-------- AVAILABLE RECORDS --------

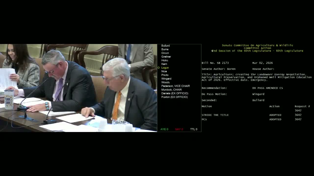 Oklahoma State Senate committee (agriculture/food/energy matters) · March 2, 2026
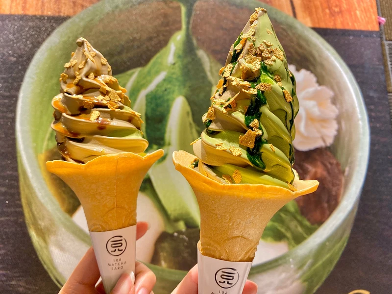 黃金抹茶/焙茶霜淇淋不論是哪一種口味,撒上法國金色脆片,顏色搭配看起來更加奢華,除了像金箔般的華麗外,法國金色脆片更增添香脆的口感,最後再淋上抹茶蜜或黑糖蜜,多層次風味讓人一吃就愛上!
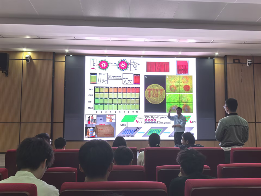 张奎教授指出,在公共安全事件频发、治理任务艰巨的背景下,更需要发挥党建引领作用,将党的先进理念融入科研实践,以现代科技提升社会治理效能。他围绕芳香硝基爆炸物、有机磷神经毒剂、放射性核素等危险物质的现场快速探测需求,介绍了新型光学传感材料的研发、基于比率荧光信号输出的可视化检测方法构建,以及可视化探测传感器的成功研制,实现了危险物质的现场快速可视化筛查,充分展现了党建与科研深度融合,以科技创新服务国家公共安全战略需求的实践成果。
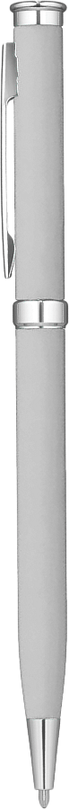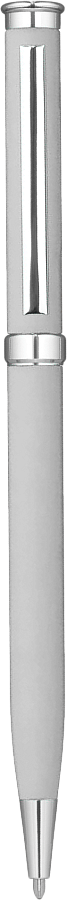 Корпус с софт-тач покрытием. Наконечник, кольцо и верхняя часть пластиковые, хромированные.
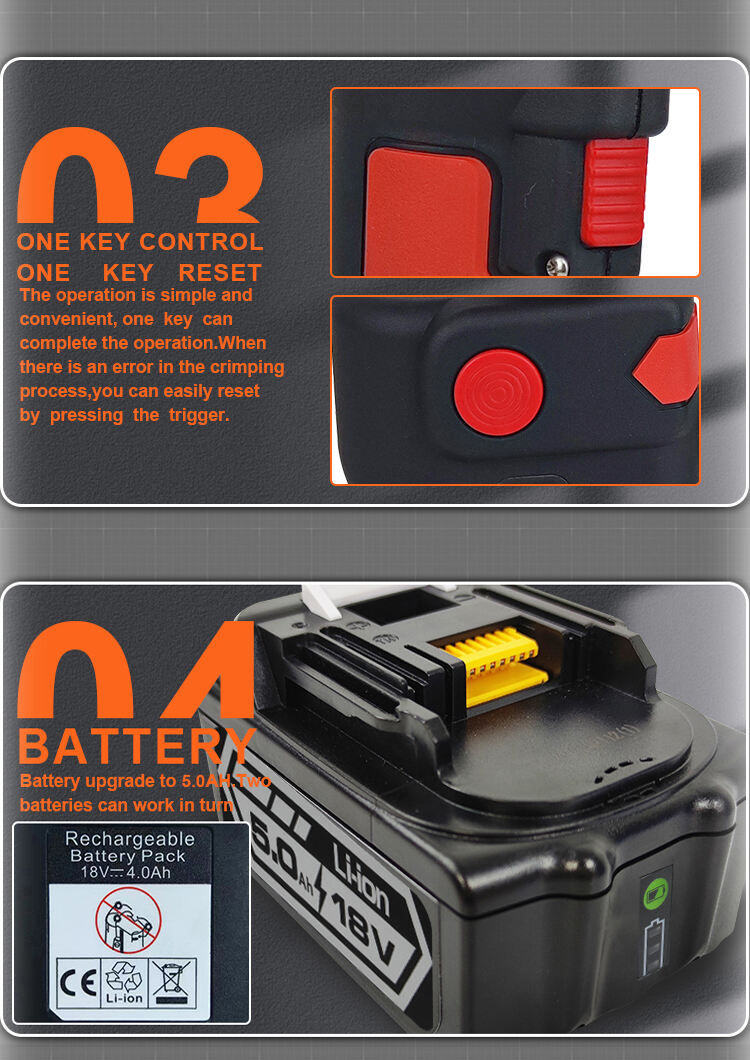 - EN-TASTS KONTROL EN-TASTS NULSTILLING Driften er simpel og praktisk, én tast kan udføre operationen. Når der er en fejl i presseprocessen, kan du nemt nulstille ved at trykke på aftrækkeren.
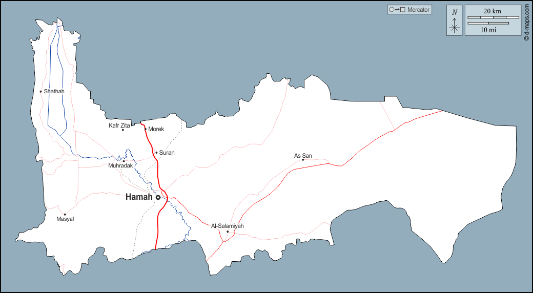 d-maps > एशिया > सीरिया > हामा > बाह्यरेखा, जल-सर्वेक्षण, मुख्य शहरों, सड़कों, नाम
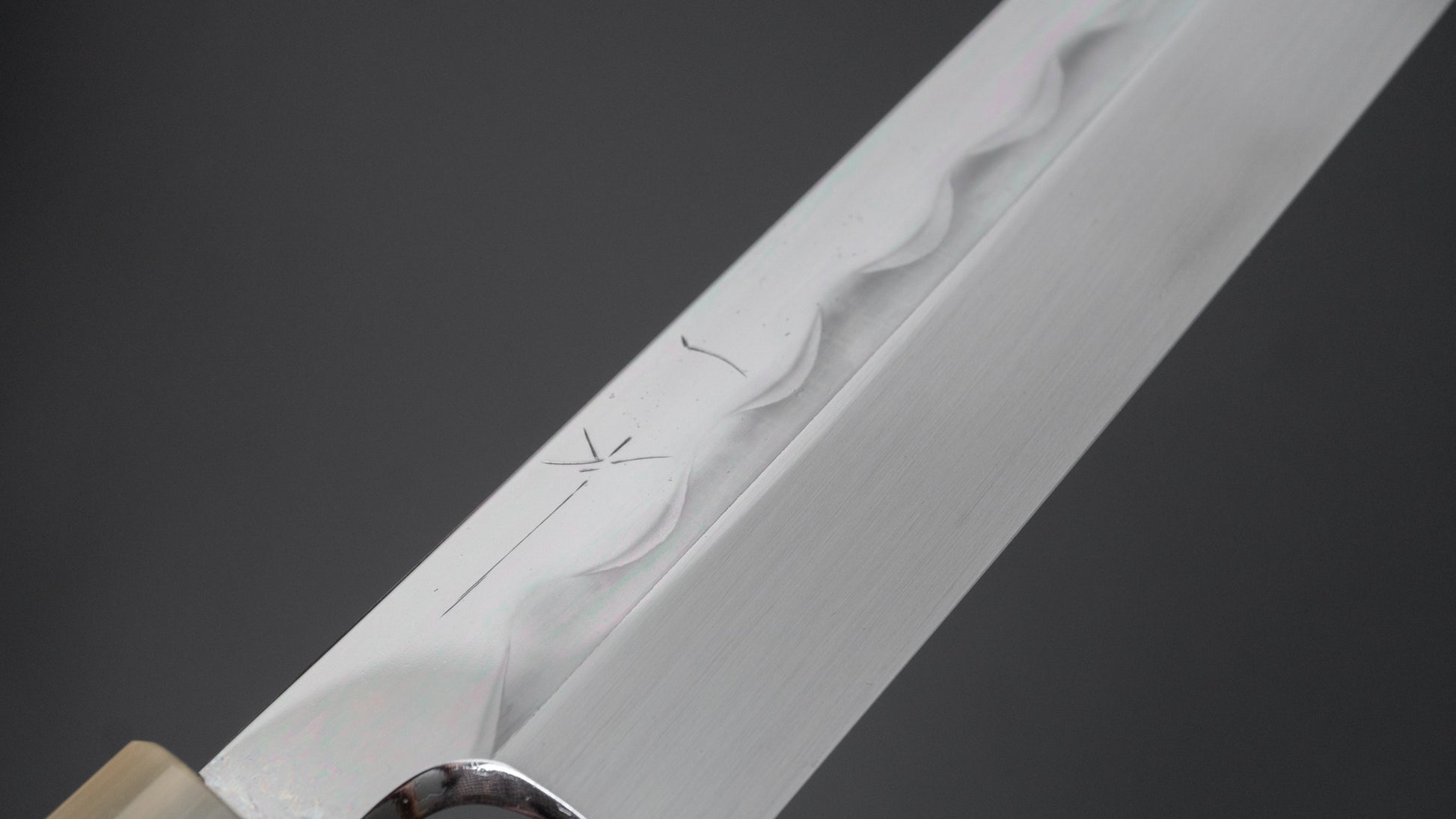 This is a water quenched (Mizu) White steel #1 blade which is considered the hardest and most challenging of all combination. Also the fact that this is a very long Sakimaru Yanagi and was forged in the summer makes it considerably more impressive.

--------

__EXERCISE PROMPT__
Nothing but an exact copy of the data above, minus its pictures, should appear in the response.

__EXPECTED OUTPUT__
 Oklahoma State Senate committee (agriculture/food/energy matters) · March 2, 2026
 黃金抹茶/焙茶霜淇淋不論是哪一種口味,撒上法國金色脆片,顏色搭配看起來更加奢華,除了像金箔般的華麗外,法國金色脆片更增添香脆的口感,最後再淋上抹茶蜜或黑糖蜜,多層次風味讓人一吃就愛上!
 张奎教授指出,在公共安全事件频发、治理任务艰巨的背景下,更需要发挥党建引领作用,将党的先进理念融入科研实践,以现代科技提升社会治理效能。他围绕芳香硝基爆炸物、有机磷神经毒剂、放射性核素等危险物质的现场快速探测需求,介绍了新型光学传感材料的研发、基于比率荧光信号输出的可视化检测方法构建,以及可视化探测传感器的成功研制,实现了危险物质的现场快速可视化筛查,充分展现了党建与科研深度融合,以科技创新服务国家公共安全战略需求的实践成果。
 Корпус с софт-тач покрытием. Наконечник, кольцо и верхняя часть пластиковые, хромированные.
 - EN-TASTS KONTROL EN-TASTS NULSTILLING Driften er simpel og praktisk, én tast kan udføre operationen. Når der er en fejl i presseprocessen, kan du nemt nulstille ved at trykke på aftrækkeren.
 d-maps > एशिया > सीरिया > हामा > बाह्यरेखा, जल-सर्वेक्षण, मुख्य शहरों, सड़कों, नाम
 This is a water quenched (Mizu) White steel #1 blade which is considered the hardest and most challenging of all combination. Also the fact that this is a very long Sakimaru Yanagi and was forged in the summer makes it considerably more impressive.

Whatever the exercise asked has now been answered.